- Genre: Crime drama;
- Created by: Pedro Morelli
- Directed by: Pedro Morelli
- Starring: Seu Jorge; Naruna Costa; Hermila Guedes; Lee Taylor;
- Country of origin: Brazil
- Original language: Portuguese
- No. of seasons: 2
- No. of episodes: 14

Production
- Producers: Andrea Barata Ribeiro; Bel Berlinck;
- Cinematography: Adrian Teijido
- Editors: Sabrina Wilkins; Paulão de Barros; Rodrigo Menecucci; João Menna Barreto;
- Production company: O2 Filmes

Original release
- Network: Netflix
- Release: 25 October 2019 – 11 May 2022

Related
- Umthetho

= Brotherhood (Brazilian TV series) =

Brazilian crime drama television series

Brotherhood (Irmandade) is a Brazilian crime drama television series that premiered on Netflix on October 25, 2019. On February 22, 2021, the series was renewed for a second series which premiered on May 11, 2022.

==Premise==
In São Paulo in the mid-1990s, Cristina (Naruna Costa), an honest and devoted lawyer, discovers that her estranged brother Edson (Seu Jorge) is imprisoned and leads a criminal faction known as the "Brotherhood." She is forced by police to become an informant and work against her brother, who has not seen her for years.
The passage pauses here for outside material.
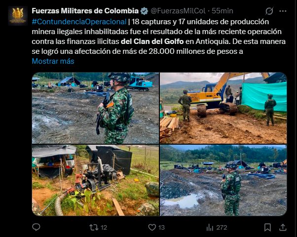 Según informaron fuentes militares este sábado 13 de diciembre, las tropas sostuvieron combates con presuntos integrantes de la subestructura Edwin Román Velásquez Valle del Clan del Golfo y localizaron “varias unidades de producción minera que operaban maquinaria pesada destinada a la explotación ilícita de minerales”.

By infiltrating the Brotherhood in a risky and dangerous mission, she comes into contact with her darkest side and begins to question her own notions of justice.

==Cast==
- Dion Andias
- Naruna Costa as Cristina
- Seu Jorge as Edson
- Hermila Guedes as Darlene
- Lee Taylor as Ivan
- Danilo Grangheia as Andrade
- Pedro Wagner as Carniça
- Wesley Guimarães as Marcel
- João Humberto Vancini

==Episodes==

| Season | Episodes |  | Originally released |  |
|---|---|---|---|---|
| 1 | 8 |  | October 25, 2019 |  |
| 2 | 6 |  | May 11, 2022 |  |

===Season 1 (2019)===

| No. overall | No. in season | Title | Directed by | Written by | Original release date |
|---|---|---|---|---|---|
| 1 | 1 | "Right is Right" (O Certo é o Certo) | Unknown | Unknown | October 25, 2019 |
| 2 | 2 | "I Got You" (Pode Confiar) | Unknown | Unknown | October 25, 2019 |
| 3 | 3 | "Rat Trap" (Tribunal do crime) | Unknown | Unknown | October 25, 2019 |
| 4 | 4 | "One-Way Ticket" (Passagem só de ida) | Unknown | Unknown | October 25, 2019 |
| 5 | 5 | "What Brothers Are For" (Irmão Ajuda Irmão) | Unknown | Unknown | October 25, 2019 |
| 6 | 6 | "Decision" (Decisão) | Aly Muritiba | Unknown | October 25, 2019 |
| 7 | 7 | "Blood on Your Hands" (Sangue nas mãos) | Unknown | Unknown | October 25, 2019 |
| 8 | 8 | "My Word is My Bond" (Palavra num faz curva) | Pedro Morelli | Unknown | October 25, 2019 |

===Season 2 (2022)===

| No. overall | No. in season | Title | Directed by | Written by | Original release date |
|---|---|---|---|---|---|
| 9 | 1 | "Ties" (Nós) | Unknown | Unknown | May 11, 2022 |
| 10 | 2 | "Just Dust" (Só o pó) | Unknown | Unknown | May 11, 2022 |
| 11 | 3 | "Two Weights, Two Measures" (Um peso, duas medidas) | Unknown | Unknown | May 11, 2022 |
| 12 | 4 | "Like Garbage" (Que nem lixo) | Unknown | Unknown | May 11, 2022 |
| 13 | 5 | "Sentence" (Sentença) | Unknown | Unknown | May 11, 2022 |
| 14 | 6 | "Siblings" (Irmãos) | Unknown | Unknown | May 11, 2022 |

==Marketing==
The first full trailer for the series was released by Netflix on September 19, 2019.